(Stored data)
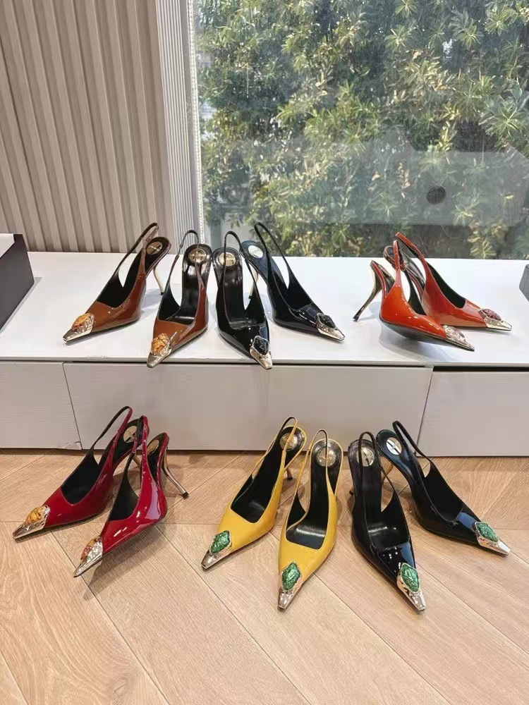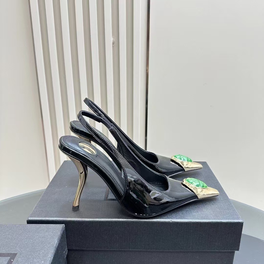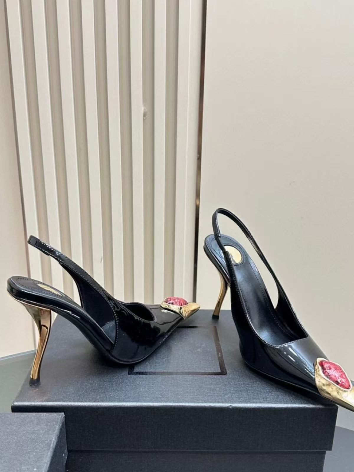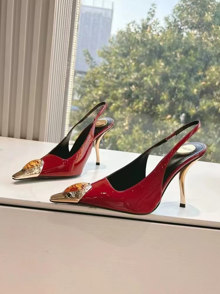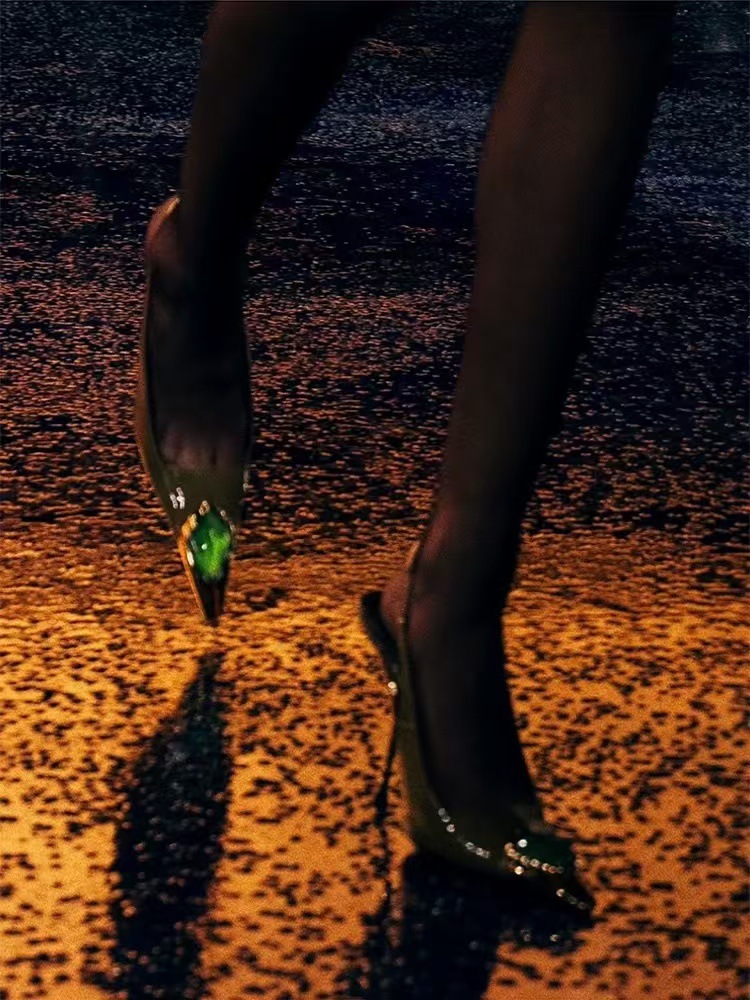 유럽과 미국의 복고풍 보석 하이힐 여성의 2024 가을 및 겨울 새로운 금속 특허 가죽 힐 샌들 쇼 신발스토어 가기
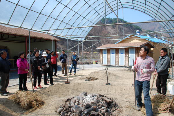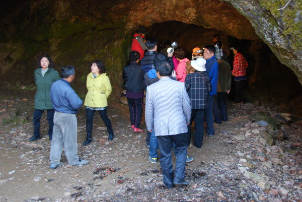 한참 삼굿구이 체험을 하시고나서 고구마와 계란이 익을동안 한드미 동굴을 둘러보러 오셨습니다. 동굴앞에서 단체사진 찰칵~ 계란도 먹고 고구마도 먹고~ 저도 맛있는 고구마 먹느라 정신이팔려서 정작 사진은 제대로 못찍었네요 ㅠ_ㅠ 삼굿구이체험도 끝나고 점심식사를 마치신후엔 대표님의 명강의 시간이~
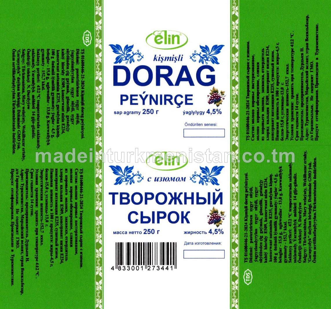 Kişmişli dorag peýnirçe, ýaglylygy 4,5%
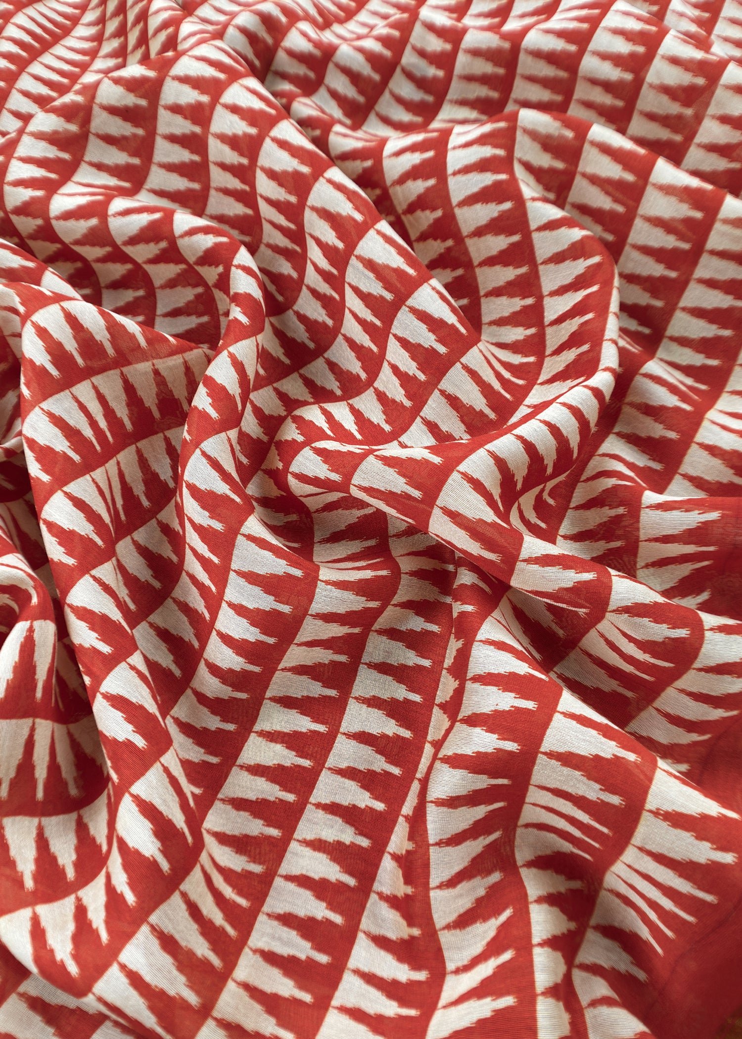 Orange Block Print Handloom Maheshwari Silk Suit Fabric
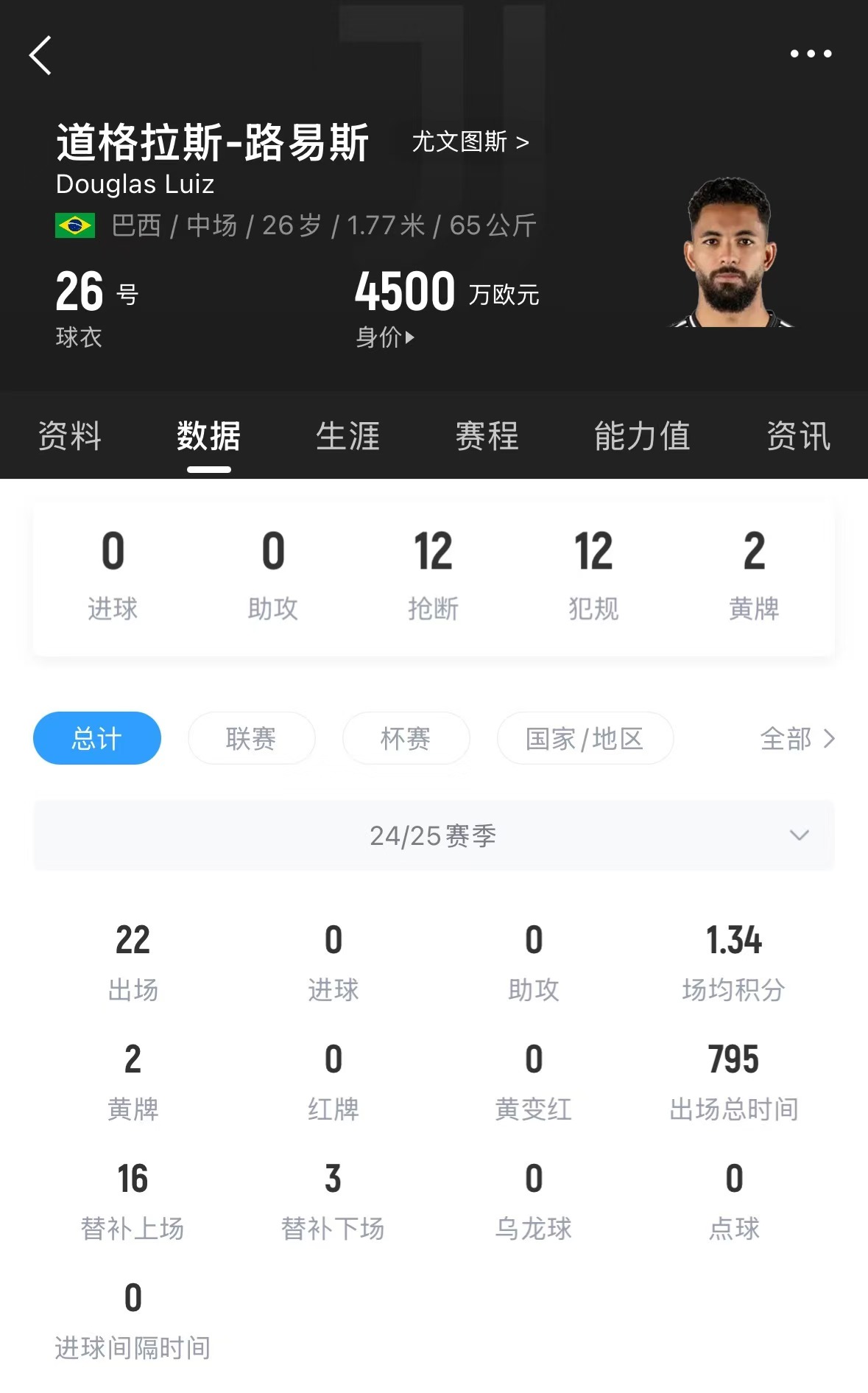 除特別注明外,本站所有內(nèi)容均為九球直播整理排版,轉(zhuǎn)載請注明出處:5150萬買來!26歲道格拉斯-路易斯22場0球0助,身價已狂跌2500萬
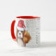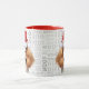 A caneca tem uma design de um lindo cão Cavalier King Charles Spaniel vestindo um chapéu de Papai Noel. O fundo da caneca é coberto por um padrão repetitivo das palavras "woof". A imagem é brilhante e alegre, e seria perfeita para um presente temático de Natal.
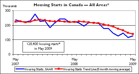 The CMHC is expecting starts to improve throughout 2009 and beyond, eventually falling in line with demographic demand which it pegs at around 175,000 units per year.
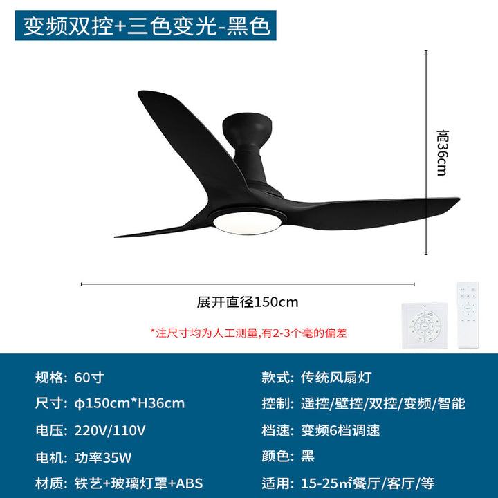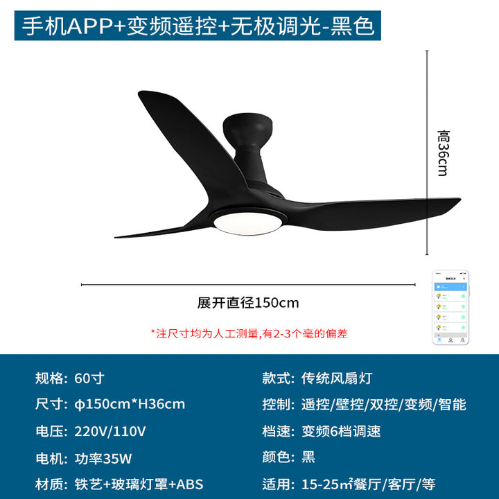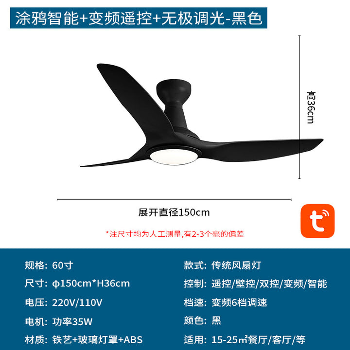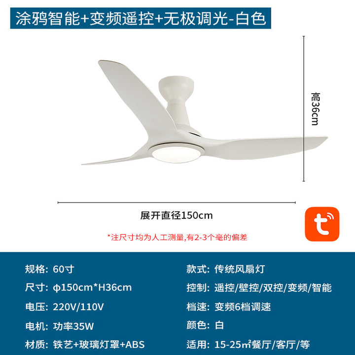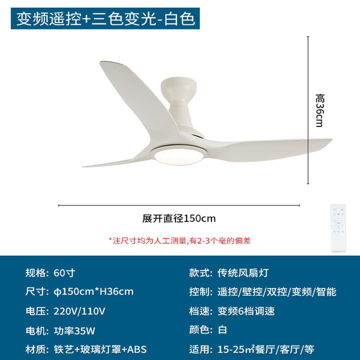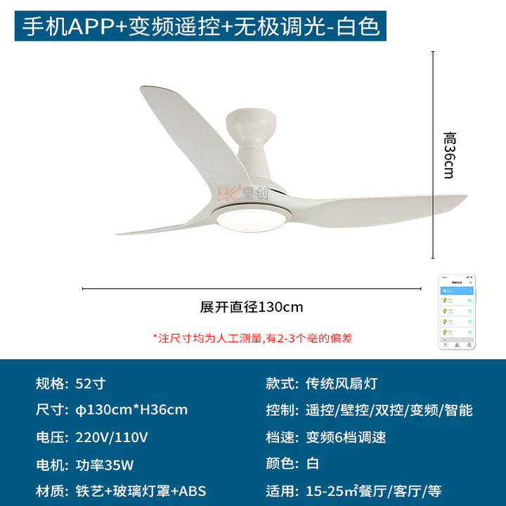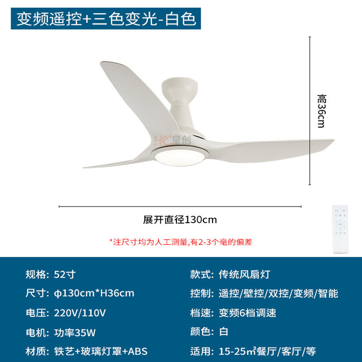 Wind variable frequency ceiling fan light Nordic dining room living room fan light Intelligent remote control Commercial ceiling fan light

◆ Exercise prompt
Set the data above down again exactly as given, with no pictures.

◆ Your response
 유럽과 미국의 복고풍 보석 하이힐 여성의 2024 가을 및 겨울 새로운 금속 특허 가죽 힐 샌들 쇼 신발스토어 가기
 한참 삼굿구이 체험을 하시고나서 고구마와 계란이 익을동안 한드미 동굴을 둘러보러 오셨습니다. 동굴앞에서 단체사진 찰칵~ 계란도 먹고 고구마도 먹고~ 저도 맛있는 고구마 먹느라 정신이팔려서 정작 사진은 제대로 못찍었네요 ㅠ_ㅠ 삼굿구이체험도 끝나고 점심식사를 마치신후엔 대표님의 명강의 시간이~
 Kişmişli dorag peýnirçe, ýaglylygy 4,5%
 Orange Block Print Handloom Maheshwari Silk Suit Fabric
 除特別注明外,本站所有內(nèi)容均為九球直播整理排版,轉(zhuǎn)載請注明出處:5150萬買來!26歲道格拉斯-路易斯22場0球0助,身價已狂跌2500萬
 A caneca tem uma design de um lindo cão Cavalier King Charles Spaniel vestindo um chapéu de Papai Noel. O fundo da caneca é coberto por um padrão repetitivo das palavras "woof". A imagem é brilhante e alegre, e seria perfeita para um presente temático de Natal.
 The CMHC is expecting starts to improve throughout 2009 and beyond, eventually falling in line with demographic demand which it pegs at around 175,000 units per year.
 Wind variable frequency ceiling fan light Nordic dining room living room fan light Intelligent remote control Commercial ceiling fan light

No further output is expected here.